§ **Dataset records**
****************************************
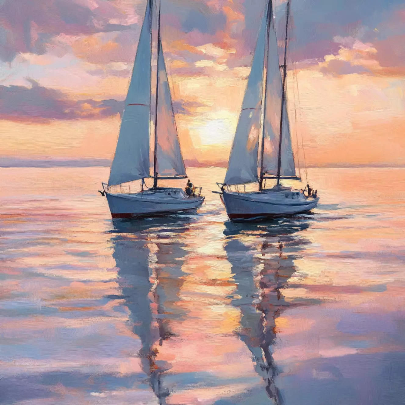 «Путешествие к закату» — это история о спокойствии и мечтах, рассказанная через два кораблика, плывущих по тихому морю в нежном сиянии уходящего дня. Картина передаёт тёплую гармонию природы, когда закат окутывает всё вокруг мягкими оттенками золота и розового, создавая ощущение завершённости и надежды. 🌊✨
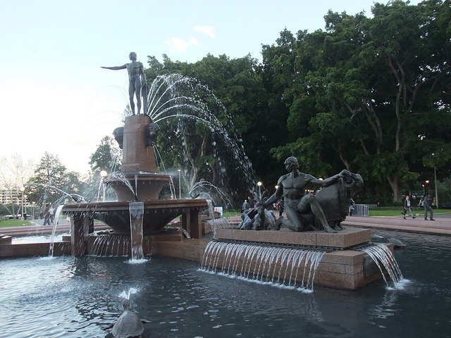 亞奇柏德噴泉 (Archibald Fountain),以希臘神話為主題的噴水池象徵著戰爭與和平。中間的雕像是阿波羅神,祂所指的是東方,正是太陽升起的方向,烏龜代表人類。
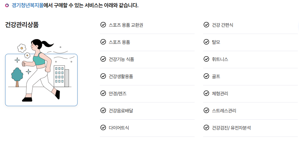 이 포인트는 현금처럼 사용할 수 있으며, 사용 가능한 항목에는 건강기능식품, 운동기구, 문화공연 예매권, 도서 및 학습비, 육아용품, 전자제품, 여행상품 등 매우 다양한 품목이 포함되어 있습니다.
****************************************
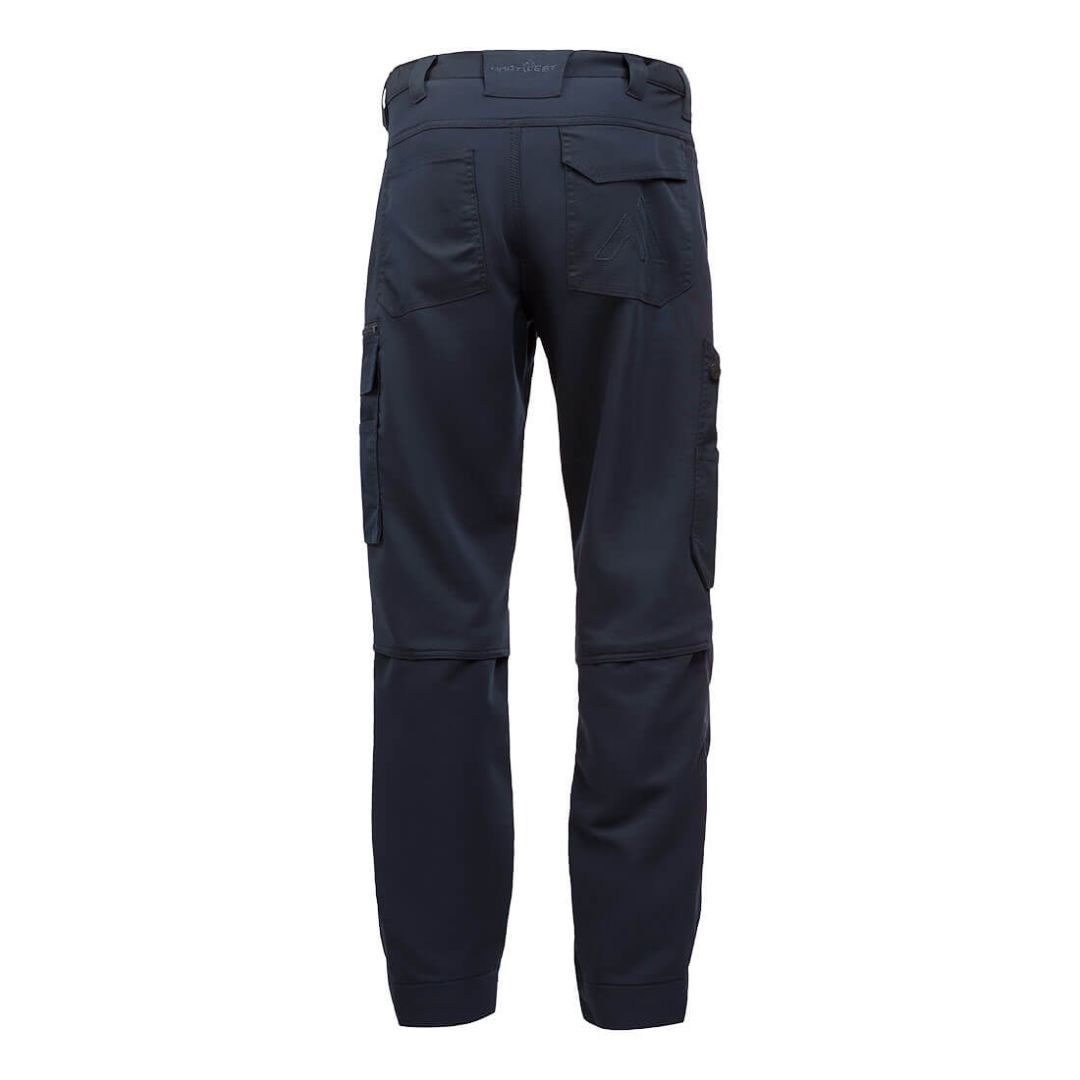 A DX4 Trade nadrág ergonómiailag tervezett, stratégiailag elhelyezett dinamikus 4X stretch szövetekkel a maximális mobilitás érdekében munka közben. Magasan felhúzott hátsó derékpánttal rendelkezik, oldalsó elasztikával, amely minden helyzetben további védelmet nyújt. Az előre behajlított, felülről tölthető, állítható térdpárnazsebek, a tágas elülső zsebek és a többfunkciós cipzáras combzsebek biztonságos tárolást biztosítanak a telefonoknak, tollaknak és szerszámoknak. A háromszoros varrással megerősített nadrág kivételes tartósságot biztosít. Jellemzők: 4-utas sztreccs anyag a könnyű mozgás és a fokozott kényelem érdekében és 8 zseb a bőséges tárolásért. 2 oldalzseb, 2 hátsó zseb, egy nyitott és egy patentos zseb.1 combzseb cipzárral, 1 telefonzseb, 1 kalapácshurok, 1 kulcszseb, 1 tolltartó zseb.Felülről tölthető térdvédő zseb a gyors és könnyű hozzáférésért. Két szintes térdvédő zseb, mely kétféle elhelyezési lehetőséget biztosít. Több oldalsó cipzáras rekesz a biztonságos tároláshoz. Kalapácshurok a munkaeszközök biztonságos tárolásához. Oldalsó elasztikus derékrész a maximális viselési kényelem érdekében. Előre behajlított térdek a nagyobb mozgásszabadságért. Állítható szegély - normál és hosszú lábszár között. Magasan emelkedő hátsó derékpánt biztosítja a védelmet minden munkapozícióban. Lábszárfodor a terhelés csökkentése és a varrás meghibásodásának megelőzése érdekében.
****************************************
§ **Task item**
Copy exactly the material above from the line with "и надежды. 🌊✨" to the line with "이 포인트는 현금처럼", ends included, and nothing else. Leave out any picture.

§ **Answer to this task**
 «Путешествие к закату» — это история о спокойствии и мечтах, рассказанная через два кораблика, плывущих по тихому морю в нежном сиянии уходящего дня. Картина передаёт тёплую гармонию природы, когда закат окутывает всё вокруг мягкими оттенками золота и розового, создавая ощущение завершённости и надежды. 🌊✨
 亞奇柏德噴泉 (Archibald Fountain),以希臘神話為主題的噴水池象徵著戰爭與和平。中間的雕像是阿波羅神,祂所指的是東方,正是太陽升起的方向,烏龜代表人類。
 이 포인트는 현금처럼 사용할 수 있으며, 사용 가능한 항목에는 건강기능식품, 운동기구, 문화공연 예매권, 도서 및 학습비, 육아용품, 전자제품, 여행상품 등 매우 다양한 품목이 포함되어 있습니다.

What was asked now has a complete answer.